• **EXERCISE DESCRIPTION**: Print the records below exactly, and do not carry over any picture.

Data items
━━━━
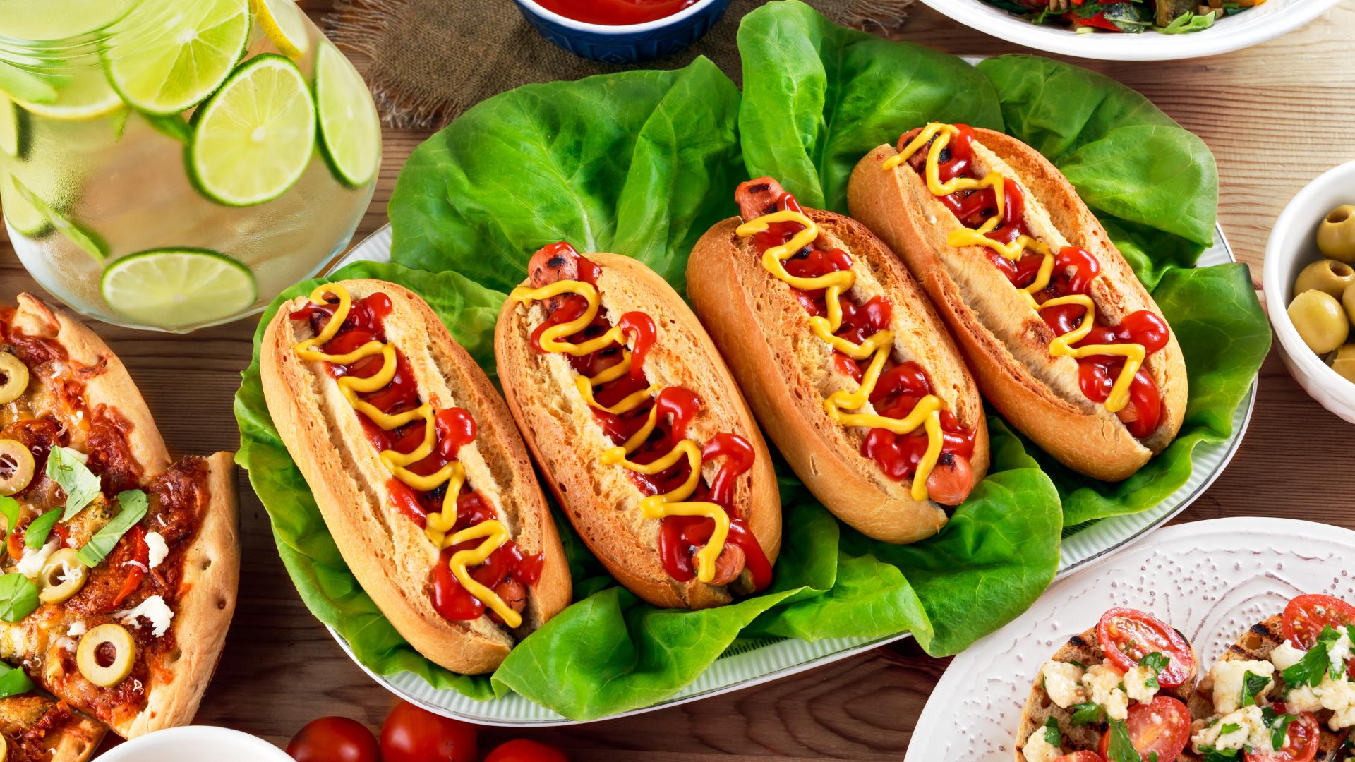 Wallpaper Hotdogs, pizza, lemonade and salad on the table
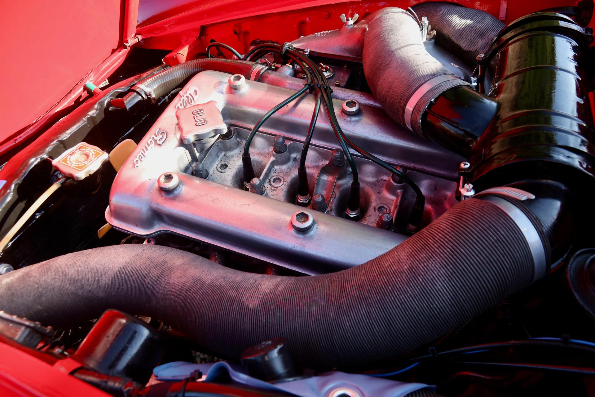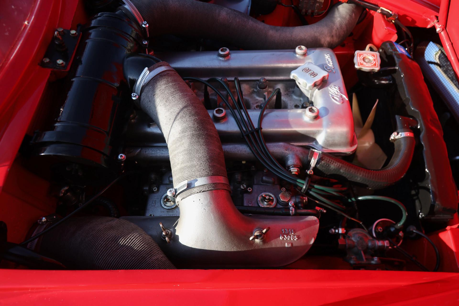 Beneath the hood lies the heart of a true driver's car: a 1,300 cc all-aluminum four-cylinder fitted with twin Weber carburetors. With about 116 horsepower on tap, it is more than capable of propelling this featherweight two-seater to nearly 200 km/h. At the time, that was significantly faster than the standard Giulietta Sprint.
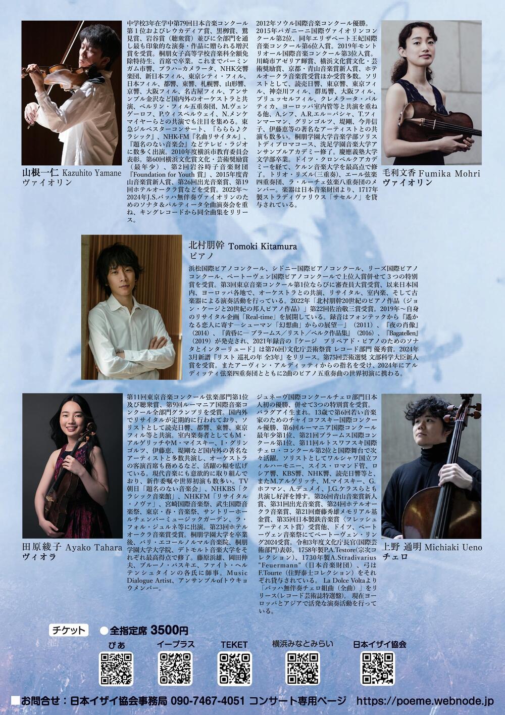 彼らの高度な技術と表現力によりイザイが希求した詩情や抒情の新天地が拓かれることが期待されます。
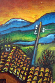 Tetti, olio su tela, cm 24x18,5, firmato, entro cornice.
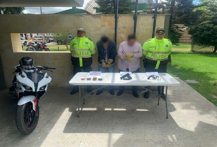 Una vez reducidos los criminales, las autoridades decomisaron dos armas de fuego y la moto en la que pretendían escapar los delincuentes.
━━━━
• **EXERCISE RESULT**:
 Wallpaper Hotdogs, pizza, lemonade and salad on the table
 Beneath the hood lies the heart of a true driver's car: a 1,300 cc all-aluminum four-cylinder fitted with twin Weber carburetors. With about 116 horsepower on tap, it is more than capable of propelling this featherweight two-seater to nearly 200 km/h. At the time, that was significantly faster than the standard Giulietta Sprint.
 彼らの高度な技術と表現力によりイザイが希求した詩情や抒情の新天地が拓かれることが期待されます。
 Tetti, olio su tela, cm 24x18,5, firmato, entro cornice.
 Una vez reducidos los criminales, las autoridades decomisaron dos armas de fuego y la moto en la que pretendían escapar los delincuentes.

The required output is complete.